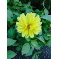 黄色の、色は薄めの花。薄めというより透明感のあるような色。造花っぽい風情がある。春に咲いたピンクの花もこうした感じだった。
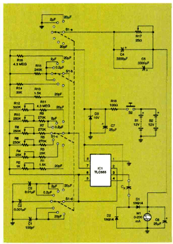 Este circuito puede medir capacitancias en varias escalas utilizando un indicador analógico común. El circuito es de la revista Electronics Now, junio de 1995.
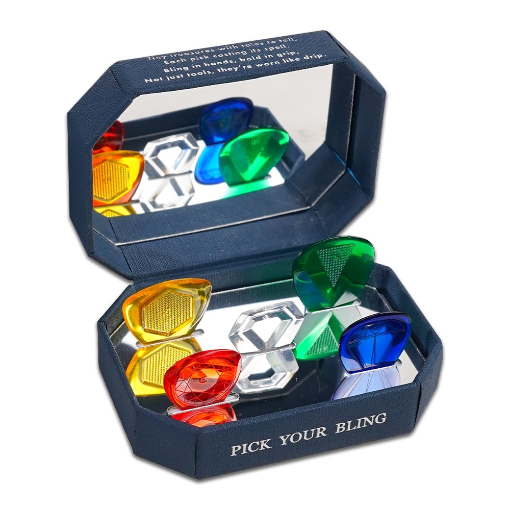 Jewellery-Style Premium Design – Eye-catching multi-color pick set with jewel-inspired facets, crafted for players who want a stylish, stage-ready accessory that looks as good as it performs.
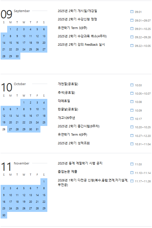 중앙대 학사일정 9,10,11,12월
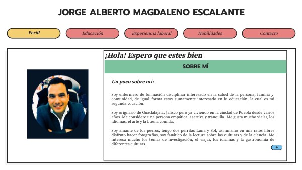 Soy enfermero de formación disciplinar interesado en la salud de la persona, familia y comunidad, de igual forma estoy sumamente interesado en la educación, la cual es mi segunda vocación. Soy orignario de Guadalajata, Jalisco pero ya viviendo en la ciudad de Puebla desde varios años. Me considero una persona empática, asertiva y tranquila. Me gusta mucho viajar, los idiomas, el arte y la buena comida. Soy amante de los perros, tengo dos perritas Luna y Sol, así mismo en mis ratos libres disfruto hacer fotografias, soy fanático de la lectura sobre las culturas y de la ciencia. Me interesa mucho los temas de investigación, el viajar, los idiomas y la gastronomía de diferentes culturas.
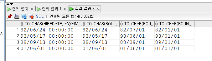 - 시간 정보를 생략하는 경우 ROUND, TRUNC 함수의 결과
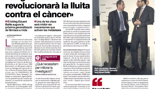 Crónica del coloquio Primera Plana organizado por El Periódico donde Eduard Batlle, jefe del laboratorio de cáncer colorrectal, expuso el estado actual de la investigación en cáncer. Batlle se muestra confiado de que en los próximos años los avances en el campo aumentarán notablemente la supervivencia de los pacientes con cáncer, tal y como ya se ha hecho patente en los últimos años.
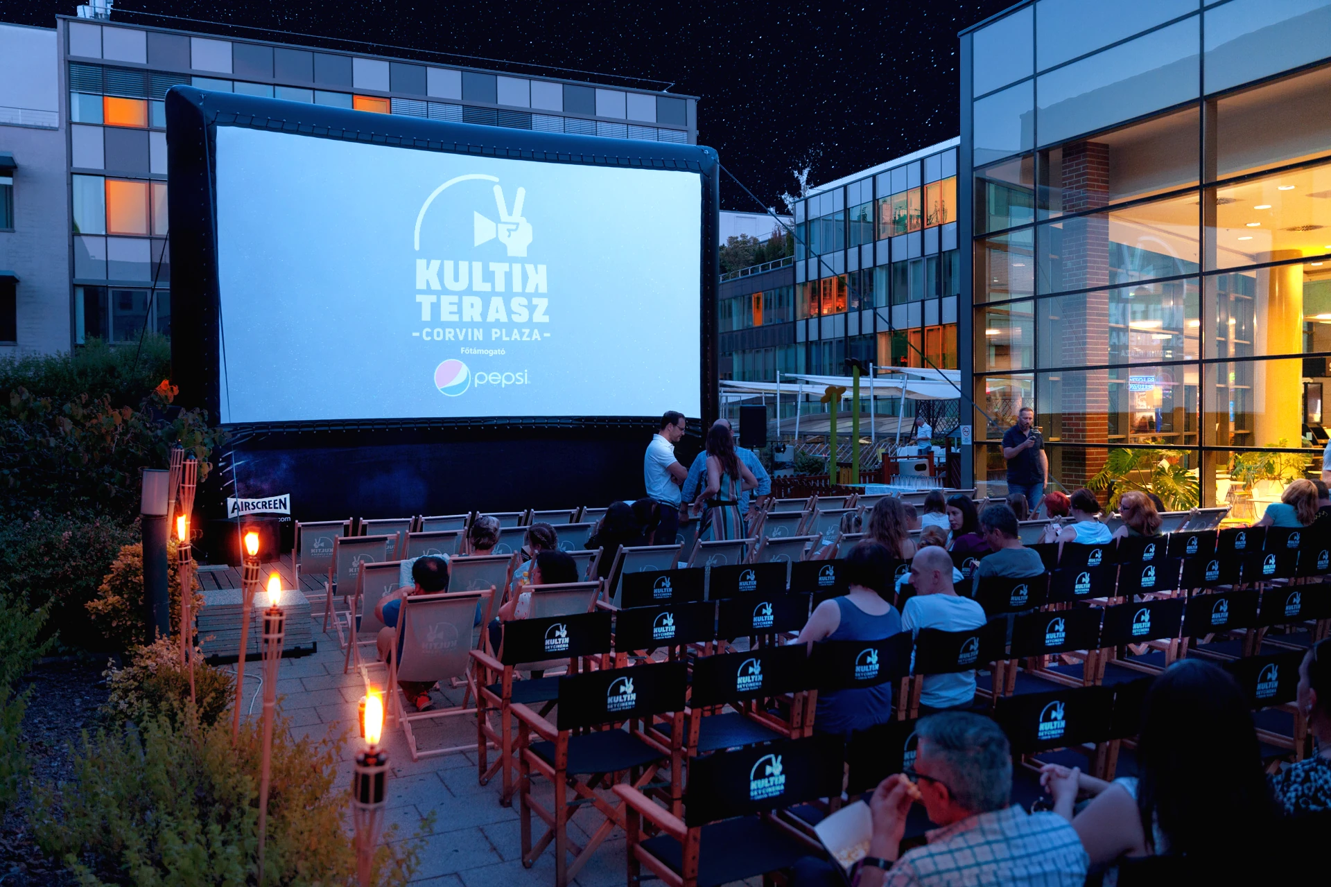 A vászon sem marad el attól, amit megszokhattunk, a KULTIK Teraszon például egyedülálló airscreent használnak. Ez az óriási, felfújható vászon akár vízen vagy homokon is megállja a helyét, és habár pehelykönnyű, ellenáll a viharos szélnek is. Így már tényleg csak a megszokott mozis nasikat kell beszereznünk: még szerencse, hogy a teraszokon nachosból, pattogatott kukoricából és vattacukorból sincs hiány.
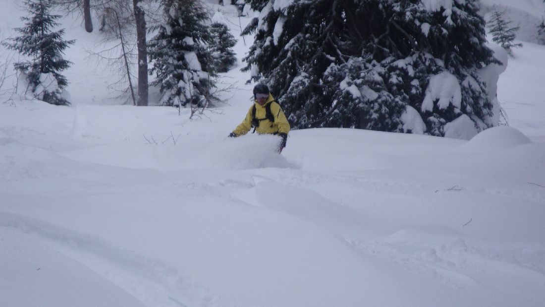 La parte alta, fuori dal bosco è ventata, preferiamo rimanere "bassi" e assaporare più polvere possibile. Sfruttiamo molto le strisce disboscate per il passaggio degli impianti, quelli nuovi ma soprattutto quelli dismessi. Abbiamo però scoperto anche dei boschi molto interessati
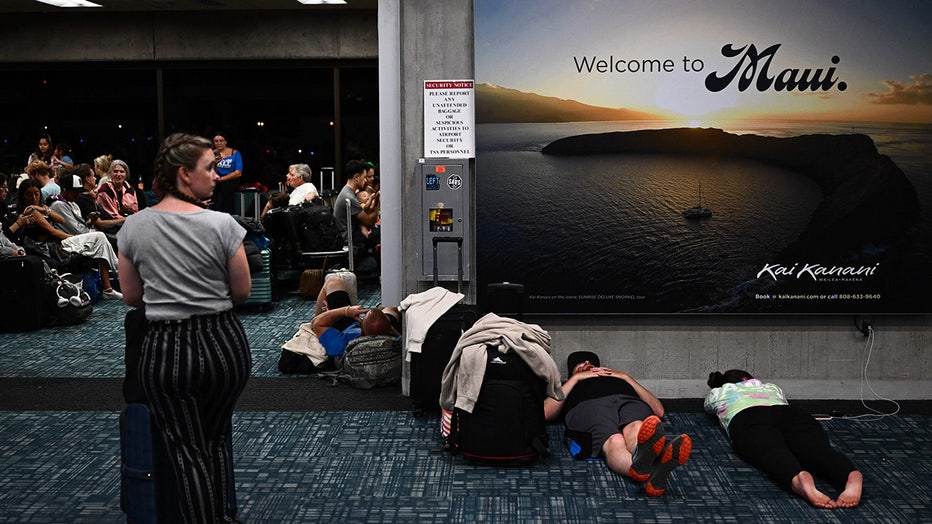 Passengers try to sleep below a "Welcome To Maui" billboard on the floor of the airport terminal while waiting for delayed and canceled flights off the island as thousands of passengers were stranded at the Kahului Airport. (Photo by PATRICK T. FALLO
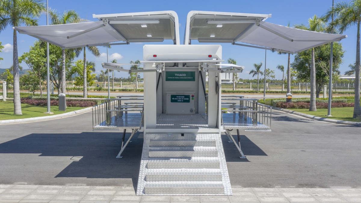 Hai mảng hông phụ thu gọn trong lòng thùng xe sẽ bung ra, kết hợp với sàn chính tạo thành không gian rộng rãi để bố trí bàn ghế phục vụ khám sàng lọc và tiêm chủng. 4 chân chống được điều khiển hạ xuống tạo thành chân đỡ chắc chắn cho sàn phụ. 2 bạt cuốn tự động được kéo ra từ các mái che giúp tăng diện tích che mát, đồng thời rèm che được thả xuống.
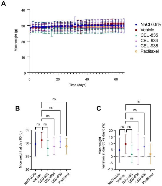(A) Curves expressing the mice weight variation for 65 days after the first intravenous administration. (B) Mouse weights at day 65, and (C) curves expressing the mouse weight variations at day 65 vs. the mouse weights at day 0. The p-value is p < 0.05. ns: non-statistically significant. n = 8–10.
= = = = = = =
Reproduce, word for word, everything in the listing above except the pictures.

 黄色の、色は薄めの花。薄めというより透明感のあるような色。造花っぽい風情がある。春に咲いたピンクの花もこうした感じだった。
 Este circuito puede medir capacitancias en varias escalas utilizando un indicador analógico común. El circuito es de la revista Electronics Now, junio de 1995.
 Jewellery-Style Premium Design – Eye-catching multi-color pick set with jewel-inspired facets, crafted for players who want a stylish, stage-ready accessory that looks as good as it performs.
 중앙대 학사일정 9,10,11,12월
 Soy enfermero de formación disciplinar interesado en la salud de la persona, familia y comunidad, de igual forma estoy sumamente interesado en la educación, la cual es mi segunda vocación. Soy orignario de Guadalajata, Jalisco pero ya viviendo en la ciudad de Puebla desde varios años. Me considero una persona empática, asertiva y tranquila. Me gusta mucho viajar, los idiomas, el arte y la buena comida. Soy amante de los perros, tengo dos perritas Luna y Sol, así mismo en mis ratos libres disfruto hacer fotografias, soy fanático de la lectura sobre las culturas y de la ciencia. Me interesa mucho los temas de investigación, el viajar, los idiomas y la gastronomía de diferentes culturas.
 - 시간 정보를 생략하는 경우 ROUND, TRUNC 함수의 결과
 Crónica del coloquio Primera Plana organizado por El Periódico donde Eduard Batlle, jefe del laboratorio de cáncer colorrectal, expuso el estado actual de la investigación en cáncer. Batlle se muestra confiado de que en los próximos años los avances en el campo aumentarán notablemente la supervivencia de los pacientes con cáncer, tal y como ya se ha hecho patente en los últimos años.
 A vászon sem marad el attól, amit megszokhattunk, a KULTIK Teraszon például egyedülálló airscreent használnak. Ez az óriási, felfújható vászon akár vízen vagy homokon is megállja a helyét, és habár pehelykönnyű, ellenáll a viharos szélnek is. Így már tényleg csak a megszokott mozis nasikat kell beszereznünk: még szerencse, hogy a teraszokon nachosból, pattogatott kukoricából és vattacukorból sincs hiány.
 La parte alta, fuori dal bosco è ventata, preferiamo rimanere "bassi" e assaporare più polvere possibile. Sfruttiamo molto le strisce disboscate per il passaggio degli impianti, quelli nuovi ma soprattutto quelli dismessi. Abbiamo però scoperto anche dei boschi molto interessati
 Passengers try to sleep below a "Welcome To Maui" billboard on the floor of the airport terminal while waiting for delayed and canceled flights off the island as thousands of passengers were stranded at the Kahului Airport. (Photo by PATRICK T. FALLO
 Hai mảng hông phụ thu gọn trong lòng thùng xe sẽ bung ra, kết hợp với sàn chính tạo thành không gian rộng rãi để bố trí bàn ghế phục vụ khám sàng lọc và tiêm chủng. 4 chân chống được điều khiển hạ xuống tạo thành chân đỡ chắc chắn cho sàn phụ. 2 bạt cuốn tự động được kéo ra từ các mái che giúp tăng diện tích che mát, đồng thời rèm che được thả xuống.
(A) Curves expressing the mice weight variation for 65 days after the first intravenous administration. (B) Mouse weights at day 65, and (C) curves expressing the mouse weight variations at day 65 vs. the mouse weights at day 0. The p-value is p < 0.05. ns: non-statistically significant. n = 8–10.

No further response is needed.